- Born: Singapore
- Occupation: Social work volunteer
- Years active: 1976 - 2008
- Known for: Holding the highest record of fostering a total of 43 children under the Fostering Scheme by the Ministry of Community Development, Youth and Sports since 1976.

= Indranee Nadisen =

Singaporean social work volunteer

Indranee Elizabeth Nadisen is a Singaporean social work volunteer on child protection, and served as a foster mother to abandoned, abused and neglected children under the Fostering Scheme by the Ministry of Community Development, Youth and Sports (MCYS). She is also the longest serving foster mother of the program, and also holds the national record of having looked after 43 children in her 32 years' as a foster mother. Nadisen is recognised as the role model and the icon of the Fostering Scheme.
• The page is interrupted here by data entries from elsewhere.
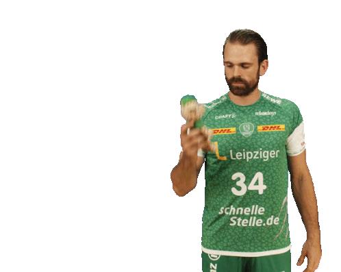 Alen Milosevic, the Leipzig handball player, smiles and gives a thumbs-up while holding a small mascot toy.
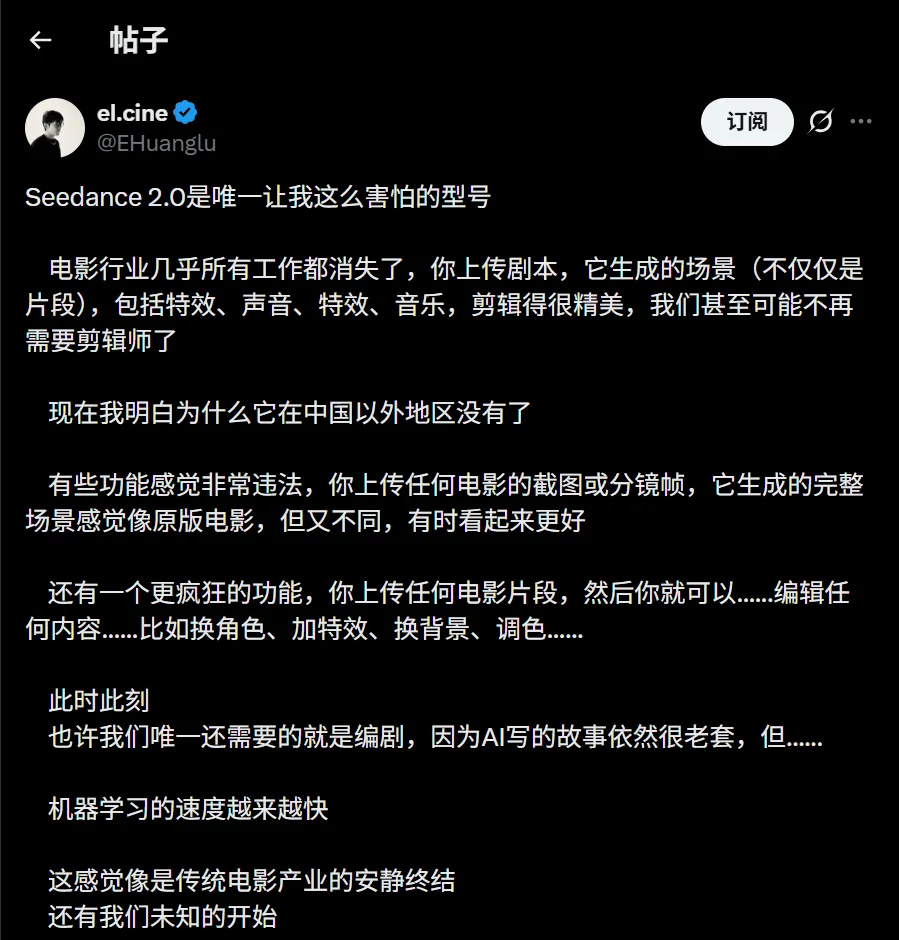 海外 AI 博主 @EHuanglu 直接表示恐惧。
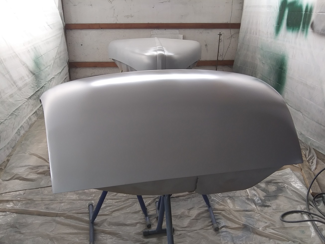 Hood and trunk lid finished. I used a larger gun for the urethane primer which helped it lay out flatter before sanding and I used 10% reducer with the paint along with some technique upgrades. Some improvement from the first batch with room for much more.
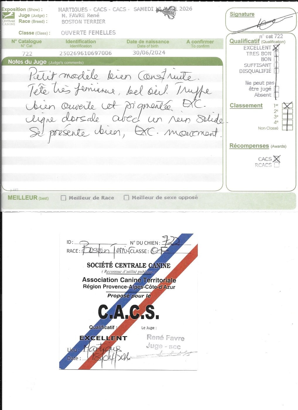 Manifestion : CACS - Juge : Mr ESCOFFIER Jean-Louis (FR)

Nadisen was born of Chinese ethnicity, and adopted by an Indian family when she was a baby. She volunteered herself with the Fostering Scheme and began fostering children in 1976, when her own children - five boys and a girl - started going to school and she started feeling bored at home. Her love for children was strong and she cared of the children, as if they were her own, for an average period of 2 years till they return to their own biological parents or to their adoptive parents. She also showered her love equally to her children and the adopted ones.
However this strong love that she felt for them, also made it emotionally difficult for her to part with them. She confessed she had to lie to the child by saying she had to go to the toilet so that the child would let go of her, to let the child leave with their adoptive parents. 'From the toilet, I would hear the child screaming for me and my heart would hurt,' she said. As a result, she preferred not to contact them after they left her care.

In 2001 Nadisen was awarded the Friend of MCDS award and in 2003, the Reader's Digest Inspiring Asians Award. In July 2008, Nadisen reluctantly announced her retirement from the Fostering Scheme citing health reasons.

In 2014, Nadisen was inducted into Singapore Women's Hall of Fame.